Each of the one or more device connector 154 may have a different connector kind. In other words, the first device connector 154a may have a first connector kind, while the second device connector 154b may have a second connector kind. Each connector kind may be, for example, a particular kind of connector, such as a JST connector, a barrel connector, a Molex connector, an IDC connector, a DIN connector, a USB connector, an XLR connector, an ATX (24 or 20+4 pin) power supply unit connector, an ATX12V connector, an EPS 8-pin connector, a PCIe 6-pin connector, a IEC 320 C13/C14 connector, an IEC 320 C5 connector, an IEC 320 C7 (polarized or non-polarized), a USB connector (Type-A or Type-C, for example), and/or the like. In one implementation, when the connector kind has more than three contacts, the technician may select three of the more than three contacts to electrically couple to the evaluation circuit 10, e.g., to the first positive contact, the first negative contact, and the first signal contact of the first connector 14, for example.

In some embodiments, when the device supply 46 and the device load 50 have a connector kind that does not include a signal contact (and/or another contact other than a positive contact and a negative contact), the device supply adapter 150 and the device load adapter 200 may not include a conductor coupled to the second contact 164a, for example, or the second contact 164a may be omitted from the device supply adapter 150 and/or the device load adapter 200.

Each of the one or more device connector 154 may have a same connector type, that is, each of the one or more device connector 154 may be one of: a plug type and a socket type, however, in other implementations, not all of the one or more device connectors 154 have the same connector type. Each of the one or more complementary device connector 154′ may have a connector complementary to at least one of the one or more device connector.
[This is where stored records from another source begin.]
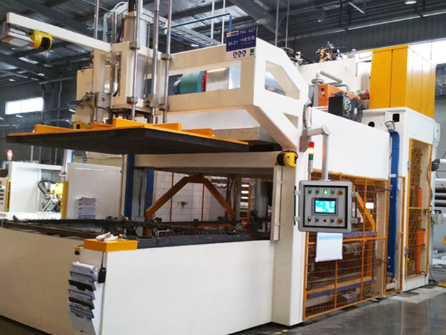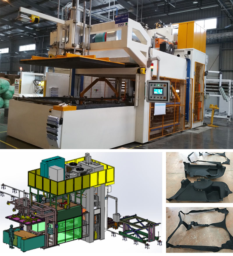 適用于汽車(chē)地毯、前圍、輪罩、隔音墊等產(chǎn)品的熱壓成型。主要由上料部分、加熱烘箱、壓機(jī)、釘框循環(huán)部分、氣動(dòng)液壓系統(tǒng)及電控系統(tǒng)組成。廣泛用于軍事車(chē)輛內(nèi)部軟飾品及隔音件零部件制造。
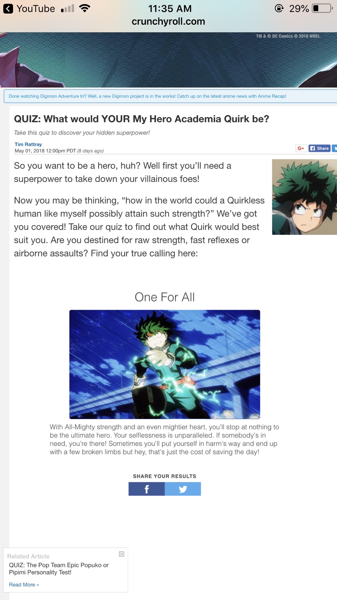 Crunchyroll On Twitter Quiz What Would Your My Hero Academia Quirk Be More Https T Co Zedyakg1f5 Https T Co Kpmsst3uxa Twitter
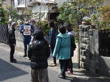 本訓練を開始する前に,指導を担当する消防職員が,訓練想定を記載した「現示カード」や「地域の集合場所」での実施事項を説明し,事前に町内の5箇所で火災や家屋倒壊が発生したことを伝え,40名を超える住民の皆さんが訓練を行いました。
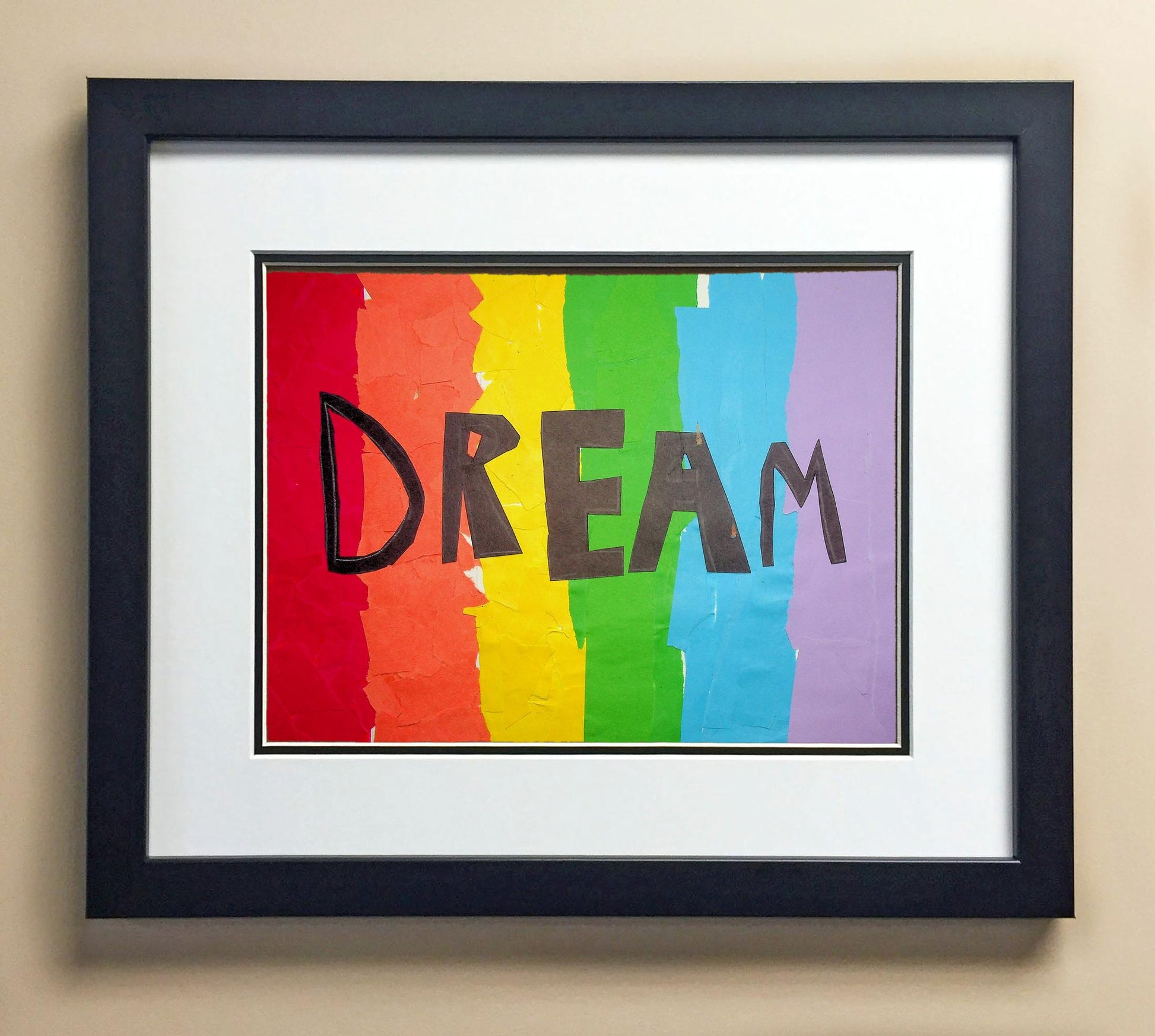Included with the purchase is the Students Artwork, Frame, double matboard, shatter proof plexiglass, and a ready to hang backerboard with turnbuttons

For example, the first device connector 154a may have a first connector kind and a first connector type and the complementary first device connector 154a′ may have the first connector kind and a second connector type complementary to the first connector type, e.g., operable to be mechanically, and electrically, coupled to the first connector type.
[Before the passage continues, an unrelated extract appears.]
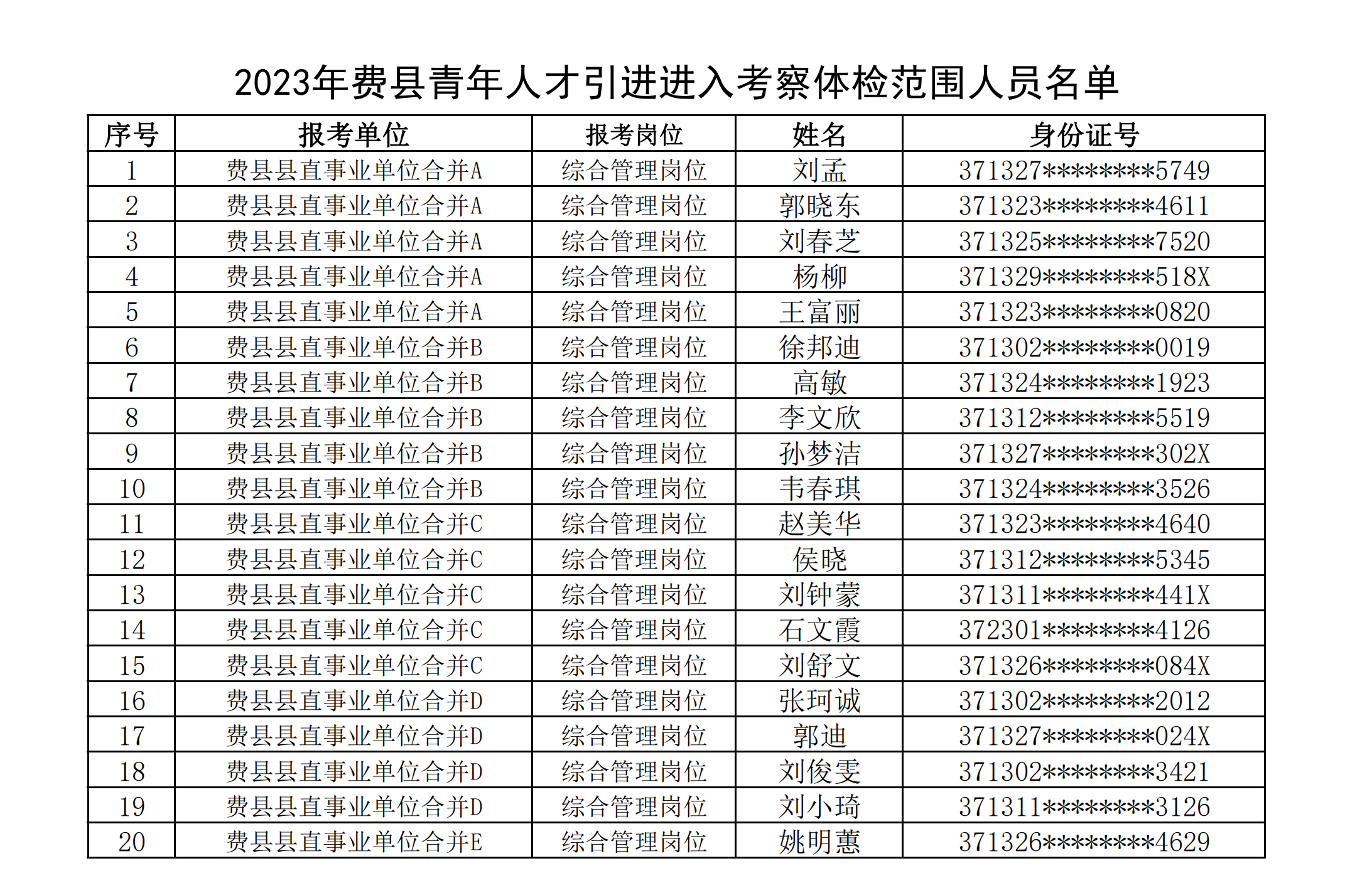 | 2023年费县青年人才引进进入考察体检范围人员名单公告 | ||||||||||||||||||||||||
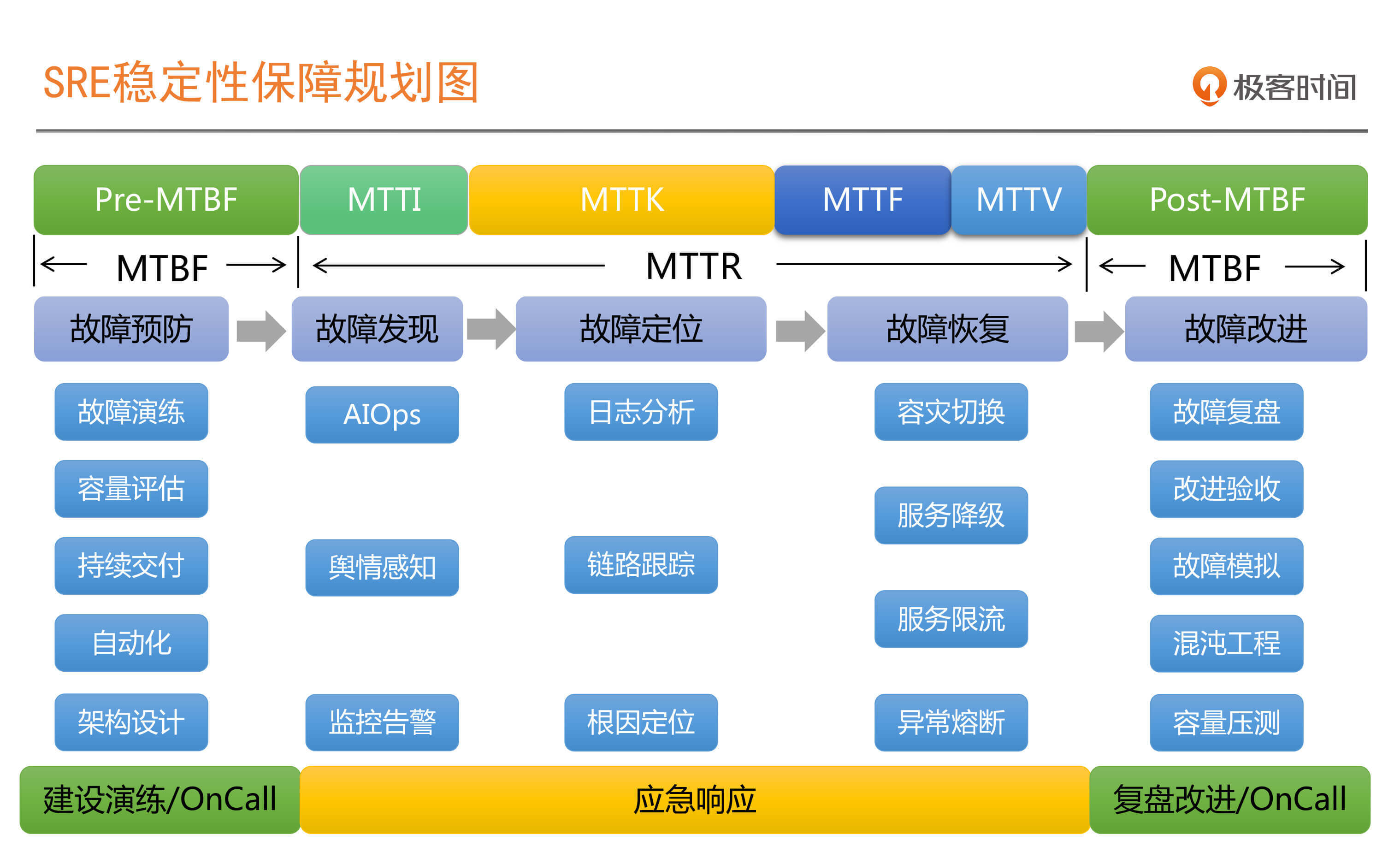还来看前面的SRE稳定性保障规划图,你会发现我们把整个软件运行周期按照这两个指标分成了两段。通俗地说,MTBF指示了系统正常运行的阶段,而MTTR则意味着系统故障状态的阶段。-

In one implementation, the technician, being presented with a user device having a device supply and a device load with a first connector kind may select a device supply adapter 150, having a first connector type similar to the device load, and may connect the device supply to the first device connector 154a and connect the complementary first connector 14′ of the device supply adapter 150 to the first connector 14 of the evaluation device 8. The technician may then select a device load adapter 200, having a second connector type complementary to the first connector type and similar to the device supply, and may connect the device load to the complementary first device connector 154a′ and connect the complementary second connector 18′ of the device load adapter 200 to the second connector 18 of the evaluation device 8.
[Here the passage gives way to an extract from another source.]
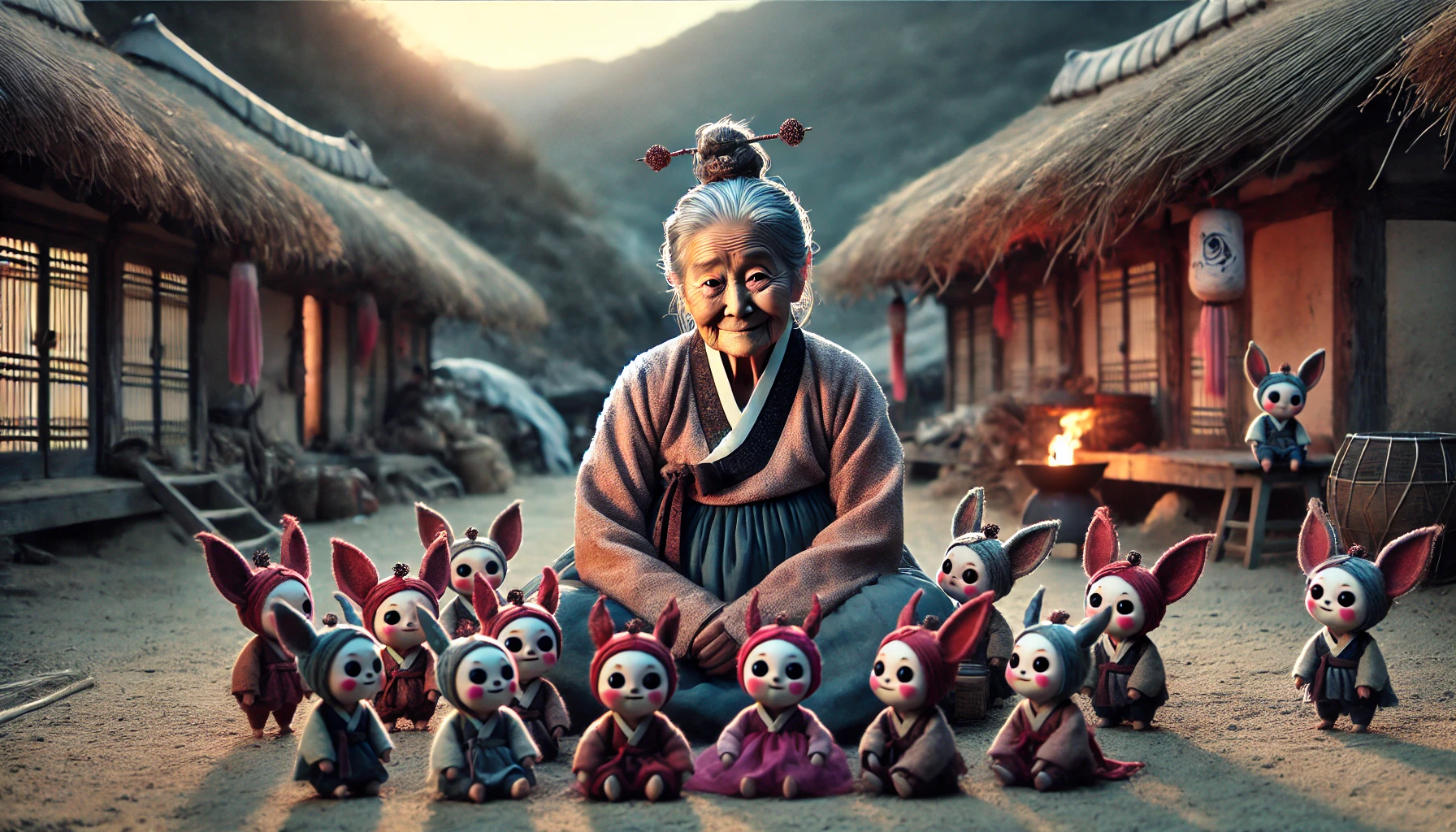 하지만 할머니는 모르고 계셨어요. 그 나그네가 떠난 후, 할머니의 집 주변 숲속에서 작은 눈동자들이 반짝이며 할머니를 지켜보고 있다는 것을 말이에요. 그들은 평범한 존재가 아니었습니다. 바로 이 깊은 산에서 오랫동안 살아온 도깨비들이었지요.
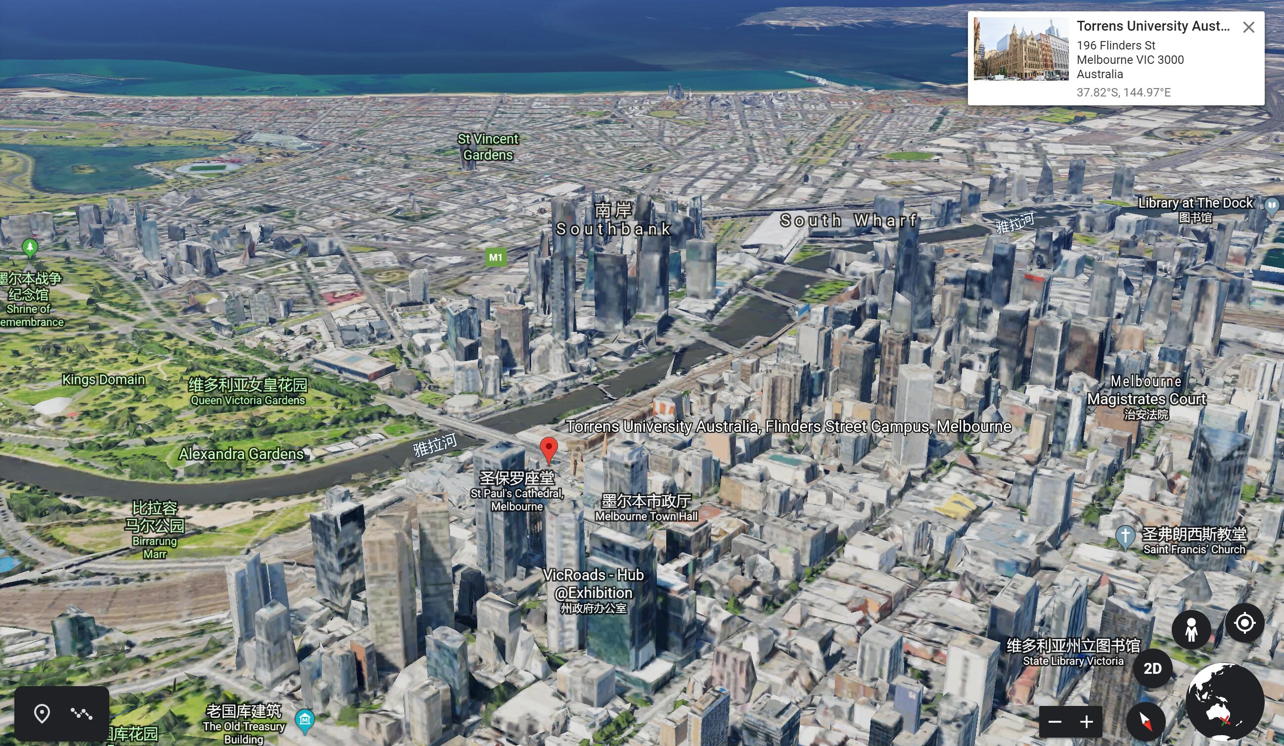 墨尔本校区也位于墨尔本市最繁华的地段,从上图可以看到,学校不远处就是墨尔本市政厅(熟悉的配方熟悉的味道),各种高层建筑围绕其中,但是不缺乏绿地公园和海湾。跟悉尼Town Hall校区相比,墨尔本校区周边的建筑密度没那么高,但是墨尔本的就业和实习机会毫不逊色与悉尼。

In this way, the device supply, having the first connector type, is coupled to the device supply adapter 150, which is operable to be coupled to the first connector 14 of the evaluation system 8 and the device load, having the second connector type, is coupled to the device load adapter 200, which is operable to be coupled to the second connector 18 of the evaluation system 8. Thus, the evaluation circuit 10 of the evaluation system 8 may be electrically disposed between the device supply and the device load.

From the above description, it is clear that the inventive concept(s) disclosed herein are well adapted to carry out the objects and to attain the advantages mentioned herein, as well as those inherent in the inventive concept(s) disclosed herein. While the embodiments of the inventive concept(s) disclosed herein have been described for purposes of this disclosure, it will be understood that numerous changes may be made and readily suggested to those skilled in the art which are accomplished within the scope and spirit of the inventive concept(s) disclosed herein.